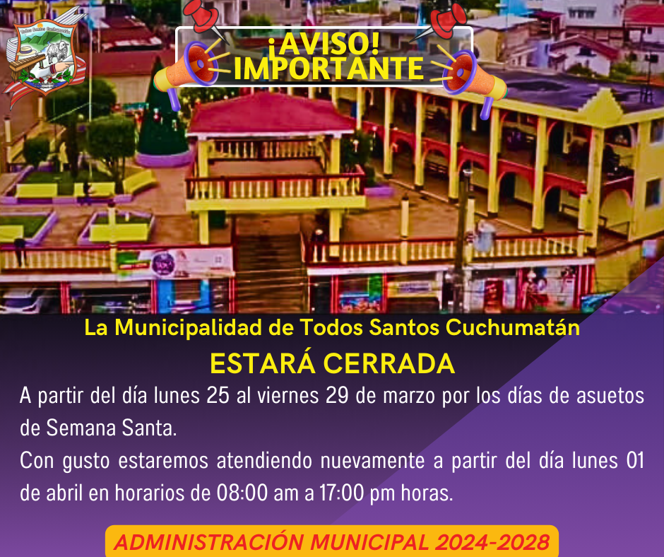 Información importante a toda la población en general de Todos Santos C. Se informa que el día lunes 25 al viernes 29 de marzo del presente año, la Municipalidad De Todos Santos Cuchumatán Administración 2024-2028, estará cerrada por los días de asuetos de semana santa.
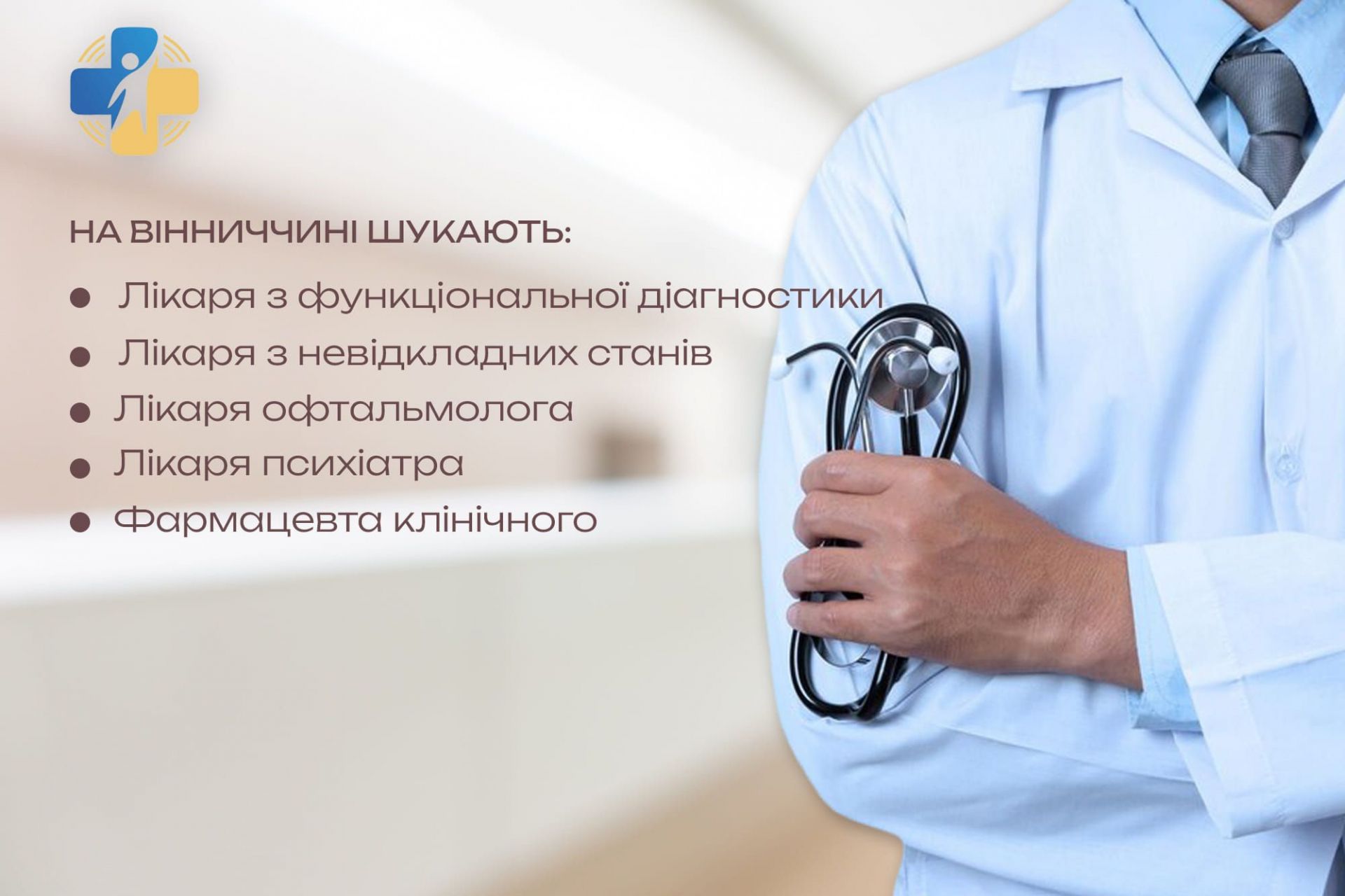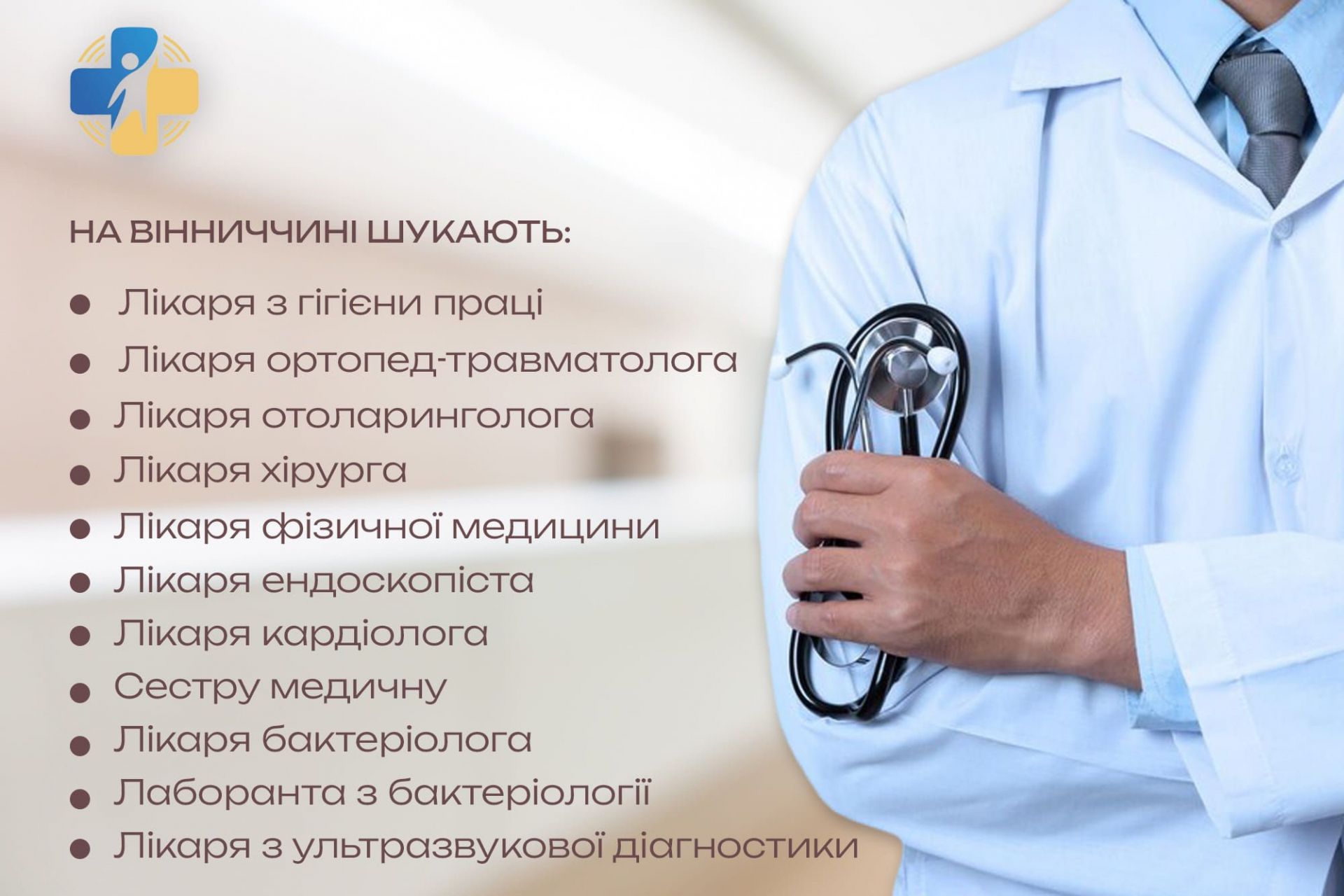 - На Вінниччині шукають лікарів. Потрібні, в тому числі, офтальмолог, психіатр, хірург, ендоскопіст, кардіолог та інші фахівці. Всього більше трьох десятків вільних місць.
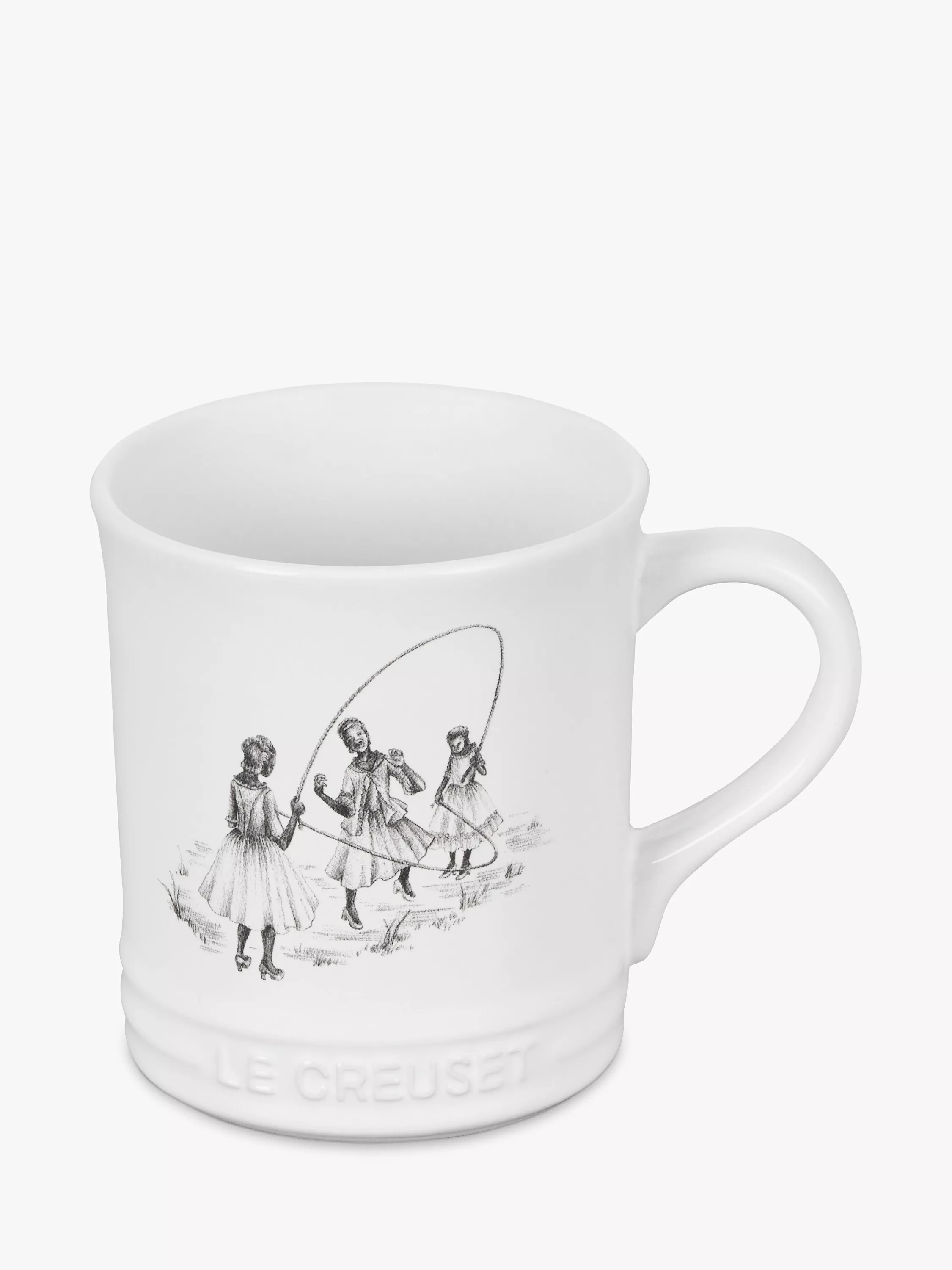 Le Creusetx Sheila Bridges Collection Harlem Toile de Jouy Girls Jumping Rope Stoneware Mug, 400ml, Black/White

————

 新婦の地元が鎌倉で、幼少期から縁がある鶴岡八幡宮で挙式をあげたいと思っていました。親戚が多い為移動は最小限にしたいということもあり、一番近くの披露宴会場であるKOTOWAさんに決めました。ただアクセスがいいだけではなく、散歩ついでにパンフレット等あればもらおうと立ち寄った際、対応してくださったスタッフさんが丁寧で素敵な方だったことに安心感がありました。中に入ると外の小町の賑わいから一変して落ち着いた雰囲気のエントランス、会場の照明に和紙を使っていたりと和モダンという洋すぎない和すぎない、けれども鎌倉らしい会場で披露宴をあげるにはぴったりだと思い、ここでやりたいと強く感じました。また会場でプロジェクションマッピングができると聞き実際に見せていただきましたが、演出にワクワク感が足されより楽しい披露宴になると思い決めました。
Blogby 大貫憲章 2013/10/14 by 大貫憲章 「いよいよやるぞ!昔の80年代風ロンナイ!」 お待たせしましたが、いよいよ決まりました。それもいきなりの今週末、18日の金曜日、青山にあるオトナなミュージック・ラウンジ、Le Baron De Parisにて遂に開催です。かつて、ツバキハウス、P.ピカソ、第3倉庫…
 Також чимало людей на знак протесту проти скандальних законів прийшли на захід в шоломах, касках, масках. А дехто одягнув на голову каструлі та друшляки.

————

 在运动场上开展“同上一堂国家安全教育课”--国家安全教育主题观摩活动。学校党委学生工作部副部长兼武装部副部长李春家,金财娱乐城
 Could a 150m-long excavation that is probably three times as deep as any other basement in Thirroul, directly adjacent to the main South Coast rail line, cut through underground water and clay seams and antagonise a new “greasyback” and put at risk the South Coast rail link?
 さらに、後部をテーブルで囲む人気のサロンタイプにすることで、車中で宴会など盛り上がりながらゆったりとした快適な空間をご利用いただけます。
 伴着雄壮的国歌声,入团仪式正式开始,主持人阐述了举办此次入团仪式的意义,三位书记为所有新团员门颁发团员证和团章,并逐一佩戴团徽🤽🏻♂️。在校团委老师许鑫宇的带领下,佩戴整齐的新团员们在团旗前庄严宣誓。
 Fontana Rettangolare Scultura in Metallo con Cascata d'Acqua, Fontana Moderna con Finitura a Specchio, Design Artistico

————

[ASSIGNED TASK]: Could you set down, exactly as written, the lines above between the one holding "さらに、後部をテーブルで囲む" and the one holding "Fontana Rettangolare Scultura", inclusive, and nothing more?

[RESULT OF THIS EXERCISE]:
 さらに、後部をテーブルで囲む人気のサロンタイプにすることで、車中で宴会など盛り上がりながらゆったりとした快適な空間をご利用いただけます。
 伴着雄壮的国歌声,入团仪式正式开始,主持人阐述了举办此次入团仪式的意义,三位书记为所有新团员门颁发团员证和团章,并逐一佩戴团徽🤽🏻♂️。在校团委老师许鑫宇的带领下,佩戴整齐的新团员们在团旗前庄严宣誓。
 Fontana Rettangolare Scultura in Metallo con Cascata d'Acqua, Fontana Moderna con Finitura a Specchio, Design Artistico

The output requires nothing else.